In 2017-18, approximately 40 per cent of that 131-tonne phosphorus load came from just June and February, pointing to climate change as a factor.
“So that’s one thing we are looking at — when the phosphorus is delivered so fast, is the lake responding?” Ginn said. “You’re getting so much water being pushed in the lake, does that mean it doesn’t have enough time to be processed inside the lake, so it’s not going into the algae and the plants, just kind of flushing out right through the lake?”
ARE INVASIVE SPECIES HELPING?
Also on the conservation authority's radar are invasive species.
Quagga mussels have all but replaced zebra mussels since about 2010-11. Ginn says they are basically gone from Lake Simcoe, with only a few left in Cook’s Bay.
“The problem with the second species is they are pretty much version 2.0 of zebra mussels,” Ginn said. “Zebra mussels were limited in the fact they couldn’t exist on like a muddy bottom, because they’d be smothered. And they also really didn’t like cold water, so they had to wait for the water to warm up to between 12 and 20 degrees before they started feeding and reproducing more zebra mussels.
“But quagga mussels are active in about four degrees, so they love cold water. It doesn’t bother them and they can also survive in mud. And zebra mussels were eliminated in Lake Simcoe in depths shallower than 20 metres, but quagga mussels go straight to the bottom,” Ginn said.
“With these (quagga) mussels, they eat particles that are floating around the water and phosphorus is attached to these particles, so we think they’re taking some of this phosphorus…and the rest of the phosphorus is dissolved in the lake water.”
The other invasive species is starry stonewort, a plant-like algae, that absorbs its nutrients from the surrounding water.
“It’s increased so much, now two-thirds of all the aquatic plants in Lake Simcoe is this invasive starry stonewort,” Ginn said. “We think whatever the mussels aren’t eating, in these phosphorus particles, is dissolved and this dissolved phosphorus is also being taken up by this invasive plant that we have.

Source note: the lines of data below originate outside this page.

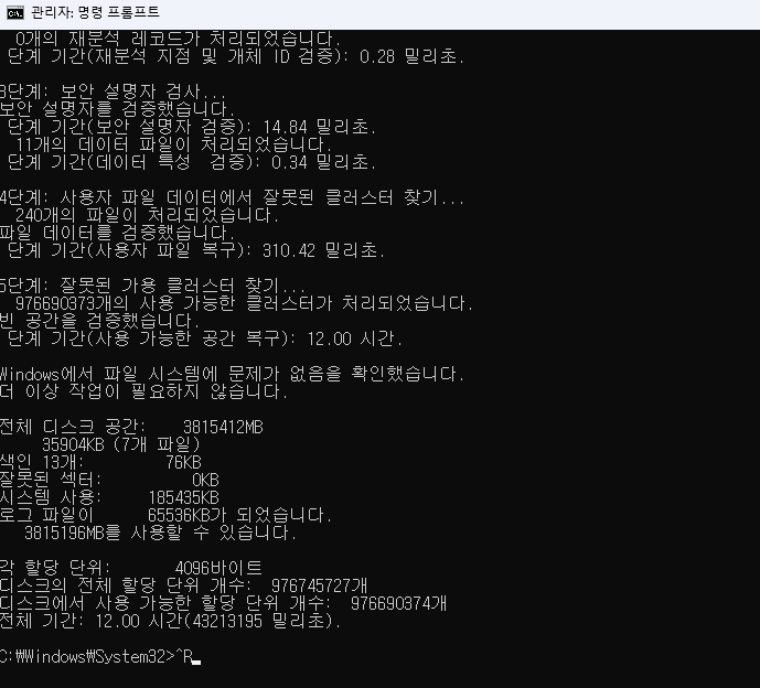해서 포맷한후 장장 12시간의 체크디스크 (/F/R)을 실행했습니다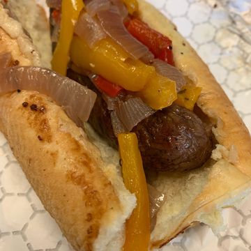 ZIO Swiss Sausage on a sweet Hawaiian baguette with sauteed bell peppers and onions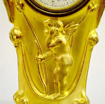 With a set key wind movement with seconds bit; a "New Haven" marked dial; and a Cupid theme. The clock is running at this time. 7 1/8" Tall...

“What we’re going to investigate… is climate playing a role, how the phosphorus is being flushed through, and also is all this phosphorus going into these two invasive species?” Ginn said.
Ontario’s Ministry of Environment and Climate Change gave the LSRCA funding to present these possible scenarios to the ministry and start researching them during the next two to three years, to determine why Lake Simcoe is defying the rules of lake health.
“We have a number of thoughts of why that’s the case,” LSRCA chief administrative officer Mike Walters told Barrie city council on Sept. 21. “But people can be at least satisfied with the fact that Lake Simcoe is almost at the oxygen target, which is one of the key performance indicators that we use.
“That means that the cold-water fish species that are in the lake can thrive, and that was one of the major performance indicators…for fish species," he added. "So overall, things are looking very good. Why they’re looking good, we’re going to be answering those questions.”
WHAT IS PHOSPHORUS?
Phosphorus is a naturally occurring element essential for all life, found in plants, animals, humans and even DNA, the building blocks of all life.
In water bodies such as lakes, a certain amount is necessary, but over time too much phosphorus can cause serious issues, including excessive weeds, toxic algae and depleted oxygen levels in our rivers, streams and, ultimately, Lake Simcoe.
Because it's a naturally occurring element, one source of phosphorus entering the lake is from the weathering of rocks and minerals. And because all life consumes phosphorus, a certain amount is excreted in our waste or released from tissues during plant decomposition.
Phosphorus is also a very useful and can be found in many of the common, every day products we use, such as cola, fertilizers, toothpaste, shampoo, matches and flares. It's also used in pesticides, pyrotechnics and in the production of steel.